How flat panel displays changed the course of a career

The Opus College of Business’ new dean on her career to date and returning to the Twin Cities.

In 1984, I arrived in the Twin Cities to start my career at the University of Minnesota’s Carlson School of Management.  I came to Minneapolis from Northern California via St. Louis, where I spent three years teaching at Washington University. I remember feeling at home and in sync with the culture of the Minneapolis- St. Paul area almost immediately. To me, the Twin Cities felt connected to the San Francisco bay area, in part because, in 1986, Edo de Waart also moved to Minneapolis from San Francisco to conduct the Minnesota Orchestra.

I spent my early career as a traditional academic focused on research that would be published in high-quality journals and working hard to provide my students with a rewarding experience in the classroom.  I taught corporate strategy, international management and international trade and finance. My research focused on the impact of trade protection on corporate strategy. I had great colleagues at the University of Minnesota and loved my work.

In the early 1990s, I became fascinated with a group of struggling U.S. companies working to commercialize various new flat display technologies that would ultimately disrupt the display industry and lead to the proliferation of flat panel displays first commercialized for mobile computing that ultimately became the standard for high definition televisions. The companies I studied advocated for relief from alleged dumping of Japanese imports so they could generate sufficient revenues to continue to invest in U.S. manufacturing facilities.

An early case study of the anti-dumping petition led to a grant proposal submitted to the Alfred P. Sloan Foundation. The grant would fund travel for my colleagues and me to meet with managers of display manufacturing facilities as well as their equipment and materials suppliers in the U.S. and around the world.

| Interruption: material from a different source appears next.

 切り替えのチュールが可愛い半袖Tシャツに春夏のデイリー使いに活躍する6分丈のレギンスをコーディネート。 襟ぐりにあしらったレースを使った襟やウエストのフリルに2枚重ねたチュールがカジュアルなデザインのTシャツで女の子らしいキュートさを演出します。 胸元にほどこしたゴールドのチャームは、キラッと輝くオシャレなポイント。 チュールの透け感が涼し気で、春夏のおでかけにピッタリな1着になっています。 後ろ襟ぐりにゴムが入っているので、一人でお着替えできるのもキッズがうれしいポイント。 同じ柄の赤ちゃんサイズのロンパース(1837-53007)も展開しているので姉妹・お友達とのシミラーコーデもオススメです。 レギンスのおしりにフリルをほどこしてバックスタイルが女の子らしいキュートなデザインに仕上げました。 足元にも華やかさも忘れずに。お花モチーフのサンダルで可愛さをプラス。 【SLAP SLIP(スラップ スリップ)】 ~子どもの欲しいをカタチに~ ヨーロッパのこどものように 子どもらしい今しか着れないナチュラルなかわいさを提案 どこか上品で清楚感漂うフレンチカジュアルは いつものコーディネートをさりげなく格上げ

Together with a team of scholars, I learned the industry from the ground up, visiting factories in the U.S., Japan, Korea and Taiwan and meeting with leaders of U.S. display businesses, their affiliates and alliance partners.

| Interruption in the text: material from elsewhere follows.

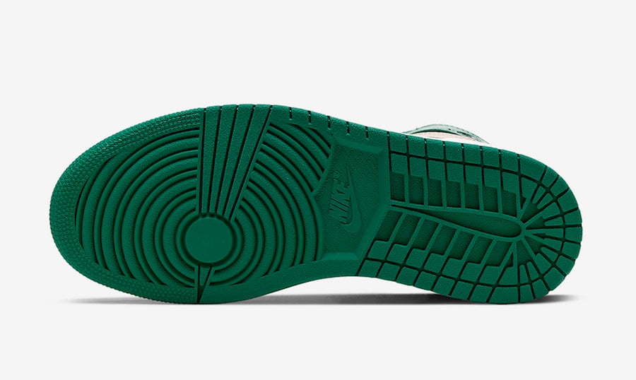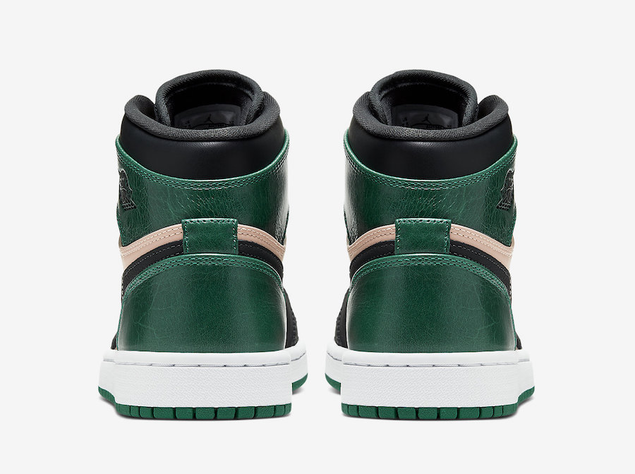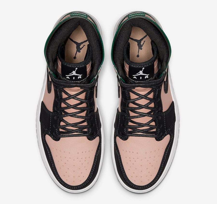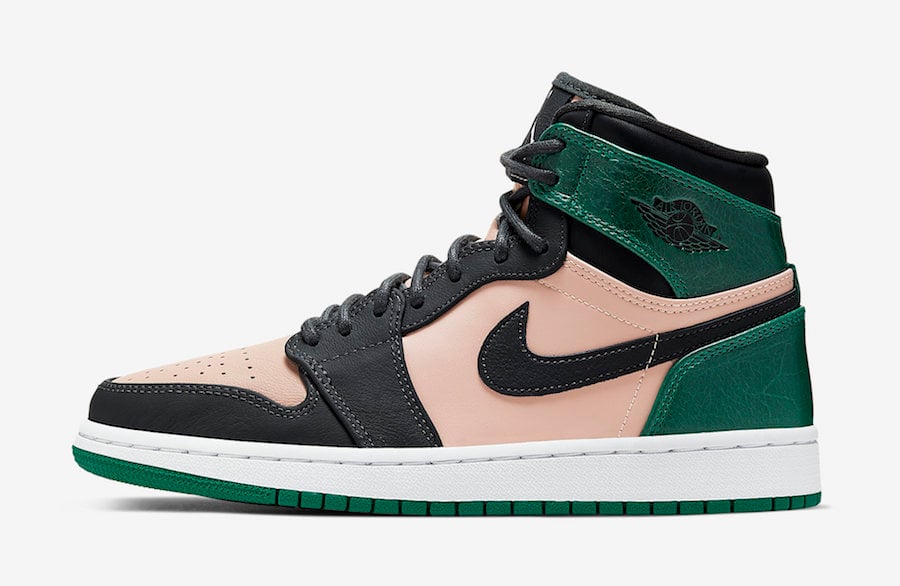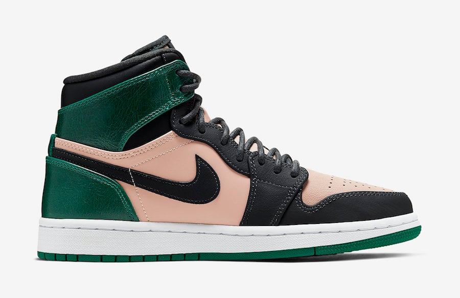 Looking closer this Air Jordan 1 features a shade of Pink across the leather base while Black leather lands on the overlays, eyestays and Swoosh logo. Highlighting this pair is Metallic Green cracked leather on the ankle overlay and across the heel. Other details includes a White midsole and Green rubber outsole.

Through these conversations, my colleagues and I learned that academic theory did not always explain what worked in practice. We documented the strategic importance of learning from affiliates and alliance partners from around the world to build competitive manufacturing facilities. We also learned that trade protection created incentives for companies to look to domestic sources of knowledge about technology, which often did not contribute to their ability to compete.

My work with the Sloan Foundation flat panel display team changed the course of my career. Soon after the findings of our research went to press, I became department chair and then associate dean for MBA programs at the Carlson School and began to work closely with Twin Cities companies.

As dean of the Opus College of Business, I am committed to identifying opportunities for our faculty and students to partner with Twin Cities companies to our mutual benefit. Our faculty bring disciplinary expertise that enables them to explain what works and sometimes what does not work in a systematic way. Given how quickly business models have changed due to globalization and the exponential growth of the digital economy, the academic theories upon which we base our explanations constantly need updating through interaction with corporate partners.  I invite our corporate partners to engage in a conversation with Opus College faculty about how we can best learn from one another.

Stefanie Lenway, Ph.D. is dean and Opus Distinguished Chair at the Opus College of Business.